> _Exercise goal_
Restate all of the following data exactly, keeping any images out of the copy.

> _Provided data_
------------

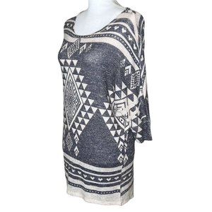 Charming Charlie Women's Boho Dolman Short Sleeve Sweater Size Medium Geometric
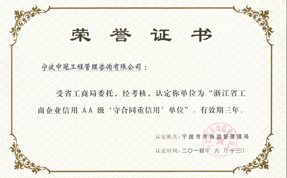 浙江省工商企業(yè)信用戶AA級‘守合同重信用’單位榮譽證書-中冠榮譽-中冠咨詢-中冠工程管理咨詢有限公司
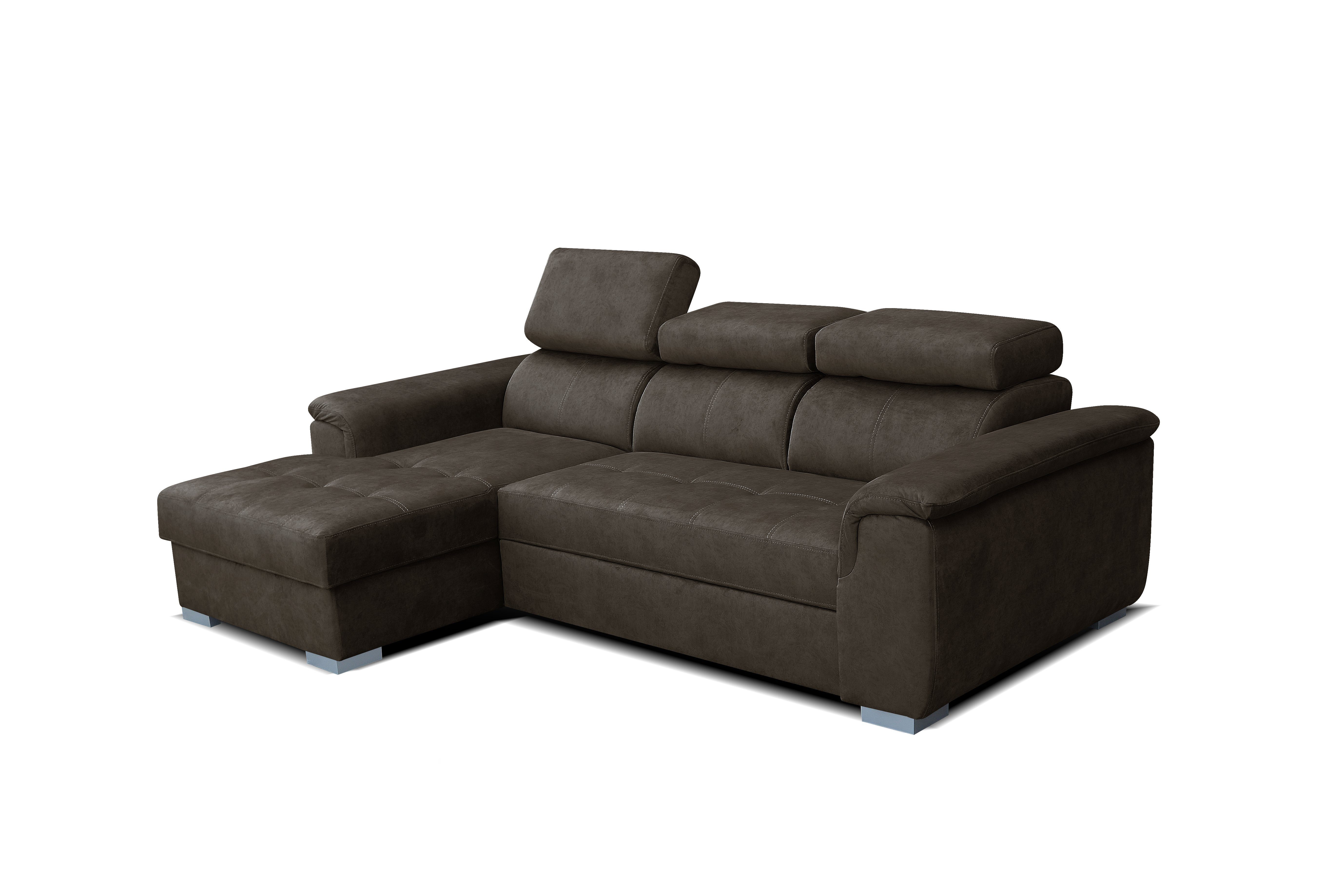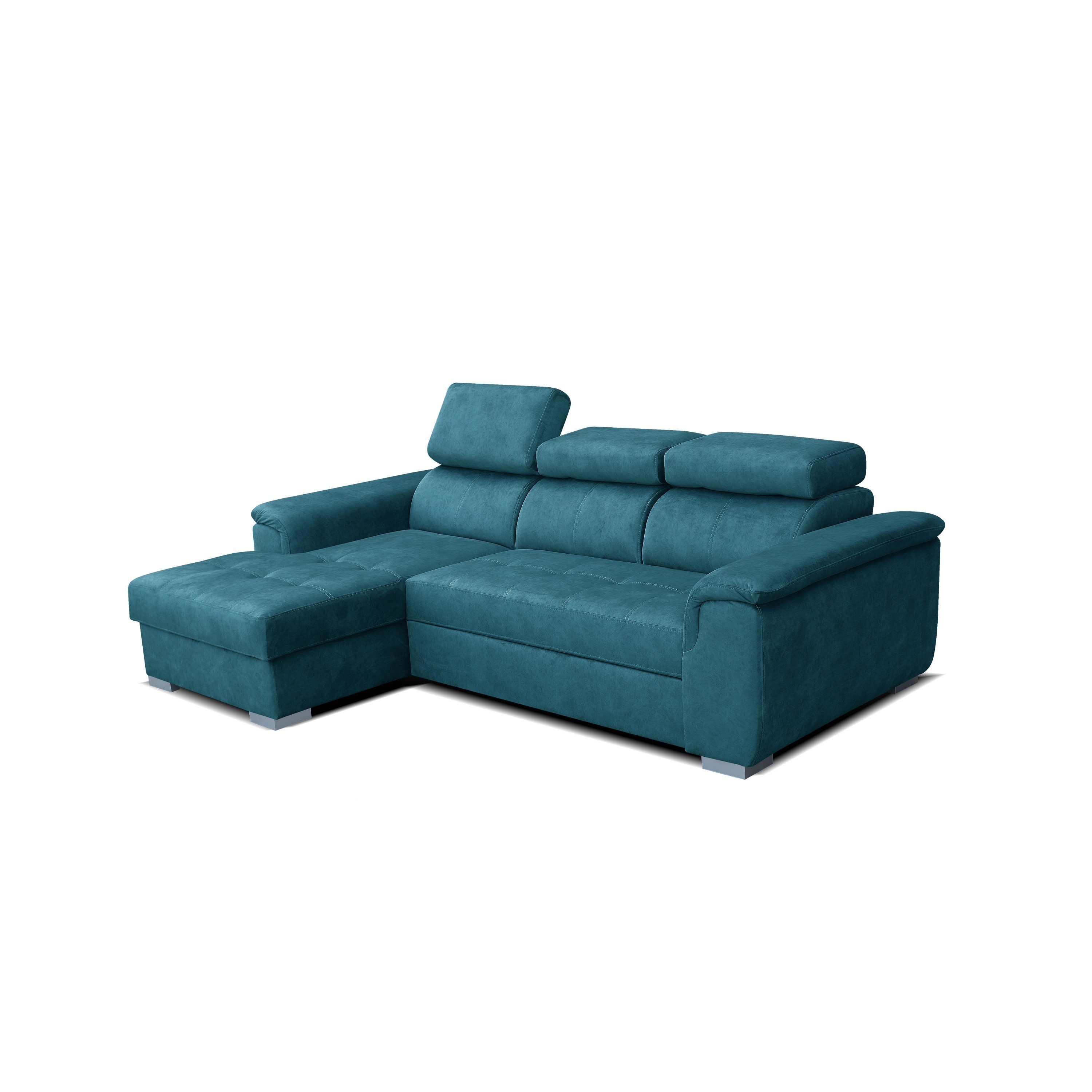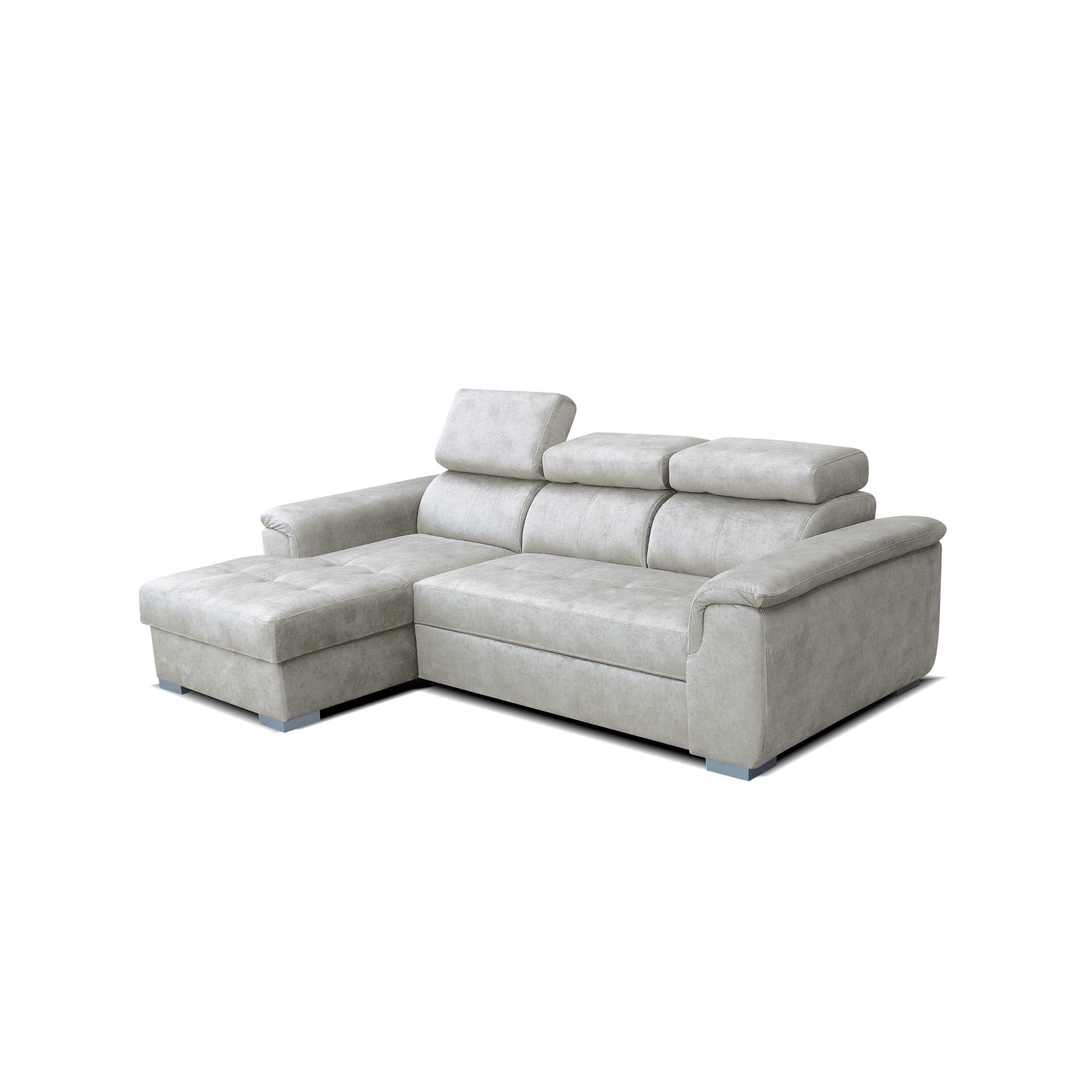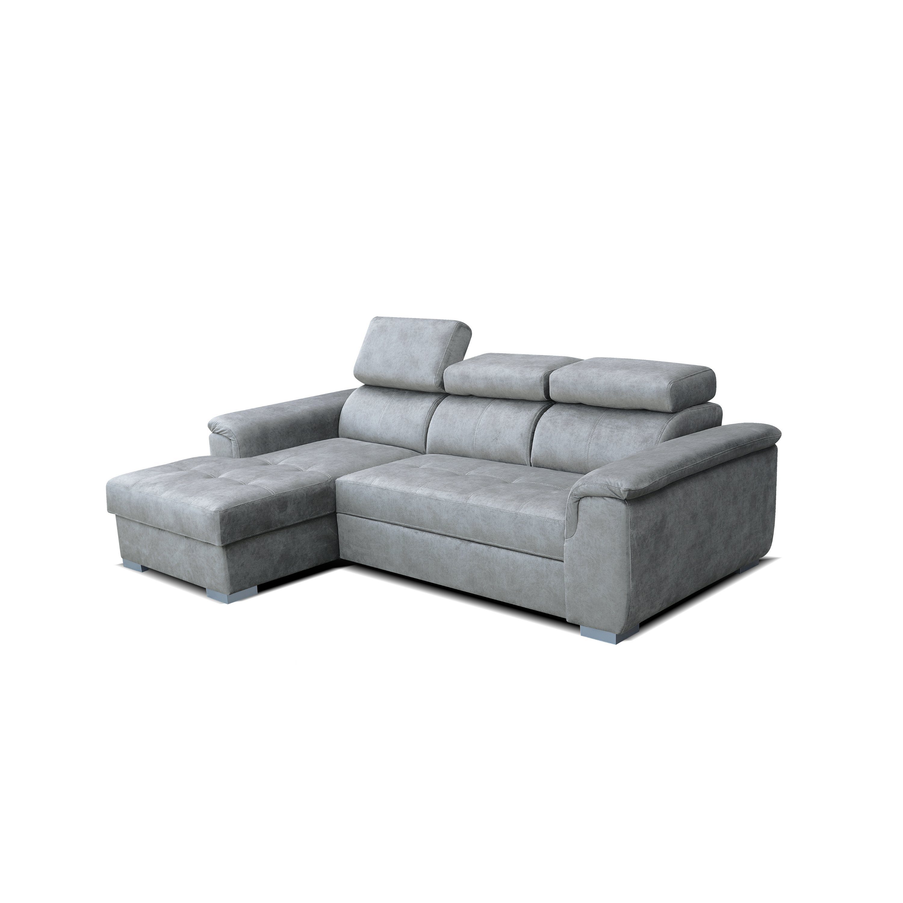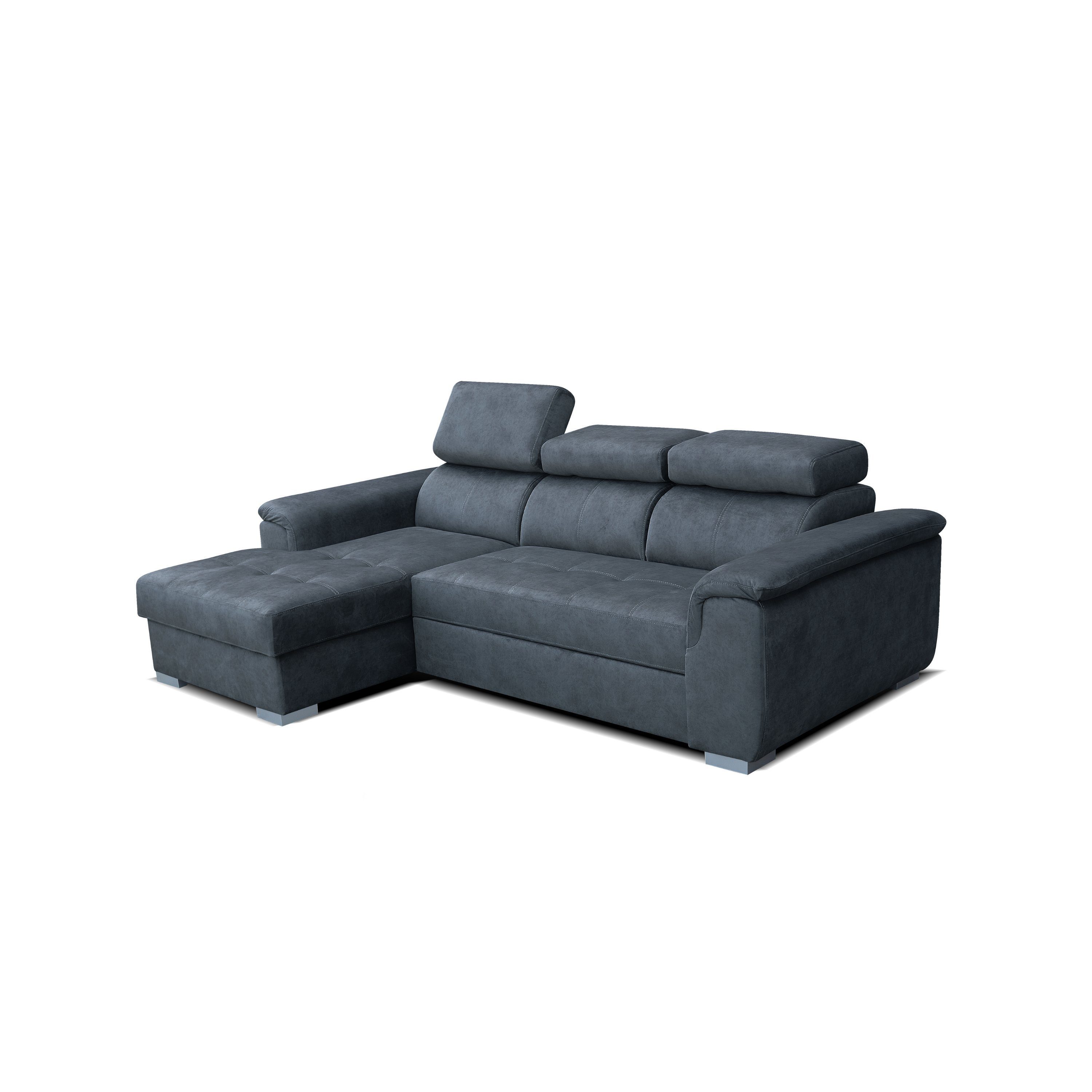 Entdecken Sie das moderne Robin Silver Ecksofa mit Schlaffunktion und Bettkasten – ein echter Platzsparer für Ihr Zuhause. Dieses in der EU gefertigte L-Form-Sofa, ideal positioniert in Ecken oder Raummitte, bietet dank 3 verstellbaren Kopfstützen ultimativen Komfort. Verwandelbar in ein Schlafbett (190x125 cm) mit DELFIN Ausklappmechanismus, eignet es sich perfekt für Gäste. Hochelastischer Schaum, Wellenfeder und stilvolles Design sorgen für Luxus und Eleganz. Abmessungen: L247 x B165 x H84 cm. Individualisieren Sie Ihre Wohnlandschaft mit unserer farblichen Auswahl. Langlebig, fleckenresistent und nachhaltig – das Ecksofa setzt Maßstäbe in Design und Qualität.

------------

> _Expected output_
 Charming Charlie Women's Boho Dolman Short Sleeve Sweater Size Medium Geometric
 浙江省工商企業(yè)信用戶AA級‘守合同重信用’單位榮譽證書-中冠榮譽-中冠咨詢-中冠工程管理咨詢有限公司
 Entdecken Sie das moderne Robin Silver Ecksofa mit Schlaffunktion und Bettkasten – ein echter Platzsparer für Ihr Zuhause. Dieses in der EU gefertigte L-Form-Sofa, ideal positioniert in Ecken oder Raummitte, bietet dank 3 verstellbaren Kopfstützen ultimativen Komfort. Verwandelbar in ein Schlafbett (190x125 cm) mit DELFIN Ausklappmechanismus, eignet es sich perfekt für Gäste. Hochelastischer Schaum, Wellenfeder und stilvolles Design sorgen für Luxus und Eleganz. Abmessungen: L247 x B165 x H84 cm. Individualisieren Sie Ihre Wohnlandschaft mit unserer farblichen Auswahl. Langlebig, fleckenresistent und nachhaltig – das Ecksofa setzt Maßstäbe in Design und Qualität.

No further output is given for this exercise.